8 Mar 2018
WWF: TREE-PROTECTION BILL “A MAJOR STEP FORWARD”
WWF-Australia said the Queensland Government’s vegetation management bill is a major step forward in the battle to end the state’s tree-clearing crisis.
“The bill will certainly improve protection of bushland and reduce mass deaths of koalas and other wildlife,” said WWF-Australia conservation director Paul Toni.
“The removal of the so-called thinning code is very welcome. This ‘self-assessable’ code has been used to bulldoze thousands of hectares of forest without any protections for wildlife or the wider environment.

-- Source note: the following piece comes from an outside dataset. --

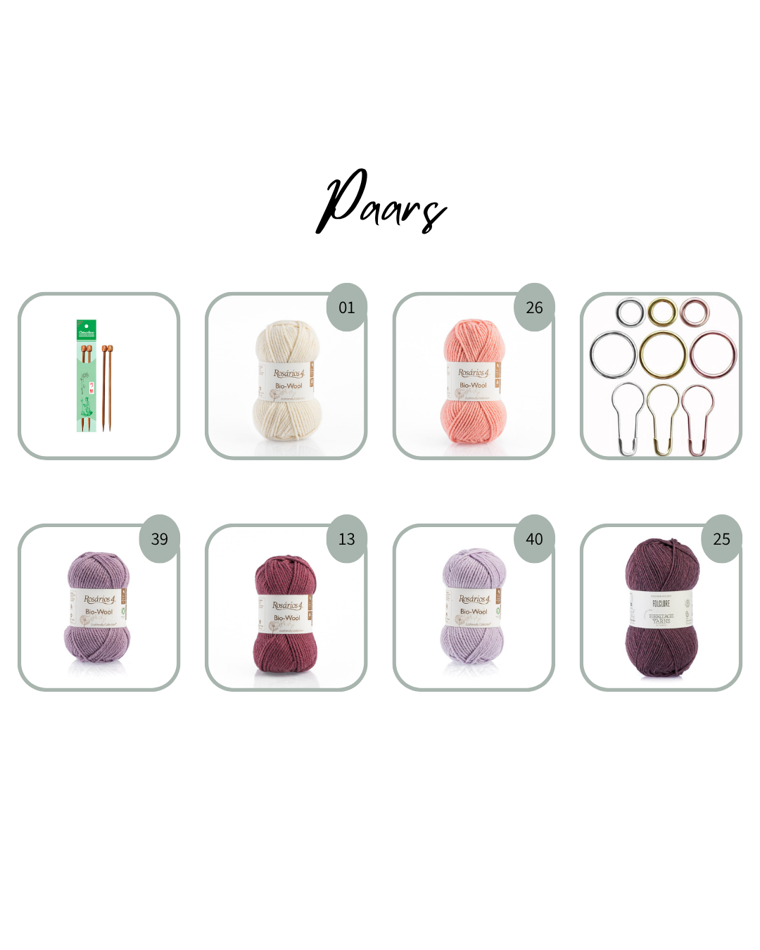 Basis Breipakket voor de beginnerscursus van Mirjam Molenbeek in de combinatie paars.

It is the single major loophole allowing excessive tree-clearing in Queensland."
“WWF sees room to improve the bill and will engage with the parliamentary committee to that end."

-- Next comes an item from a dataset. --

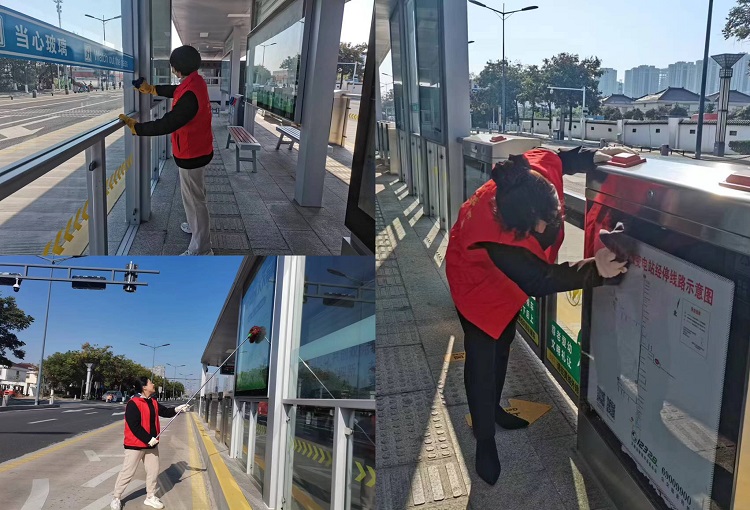 志愿者们来到开放大道,大家兵分两路,有的用抹布擦拭无人值守站台上的浮尘,开展清扫站台行动;有的投身于新墩社区文明交通宣传工作中去,征求对居民群众对公交营运服务的意见和建议,志愿服务活动如火如荼开展。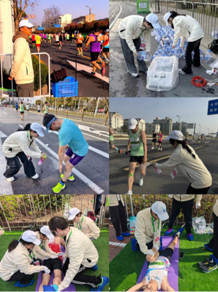 凌晨四点,天色未亮,我院志愿者们已整装集结、精神抖擞,带着期待与责任奔赴各自的服务岗位。在此之前,大家已完成了系统性的通识与专业培训,从岗位职责、物资分发到应急处置,每一项内容都了然于心。抵达各站点后,在裁判老师和带队老师的指导下,志愿者们迅速投入工作,有序整理补给物资,以严谨细致的姿态迎接选手的到来。赛道旁,志愿者们各司其职、贴心护航:肌肉舒缓组在医师指导下,为选手提供赛中赛后放松,用专业喷雾缓解疲劳、保障状态;喷淋降温组坚守沿线,及时为跑者降温补水、维持体能;感应计时组协助铺设感应毯、精准记录成绩,同时维护秩序、保障赛道畅通;终点拉伸组为完赛选手提供专业拉伸指导,助力快速恢复。与此同时,递水补给、呐喊助威的身影也随处可见,一声声“加油”与跑者的真挚回应相互交织,成为赛道旁温暖动人的风景线。

“Ultimately, the acid test for the proposed legislation is if it ‘drives down excessive clearing rates’, as the Palaszczuk government committed to do in the lead-up to the 2017 election,” he said.
Following the former Newman government’s weakening of environmental protections in 2012-13, more than one million hectares of bushland have been bulldozed in four years.
WWF-Australia estimates this destruction killed more than 5,000 koalas between mid-2012 and mid-2016.
Scientists have repeatedly warned that koalas could become extinct in Queensland unless habitat destruction stops.
WWF’s “KIMBY” petition mobilised more than 63,000 people concerned over the impacts of excessive tree clearing on wildlife.
They sent a virtual origami koala, called a KIMBY, and a personal message to key Queensland politicians to let them know they want to see Koalas In My Backyard.
WWF-Australia and RSPCA Queensland, in a joint report, revealed the suffering and death of wildlife when habitat is destroyed and concluded that tree-clearing is the single greatest animal welfare crisis in Queensland.
Scientists estimate that bushland destruction in 2015-16 killed 45 million animals (1.1 million mammals, 3.7 million birds and 39.9 million reptiles).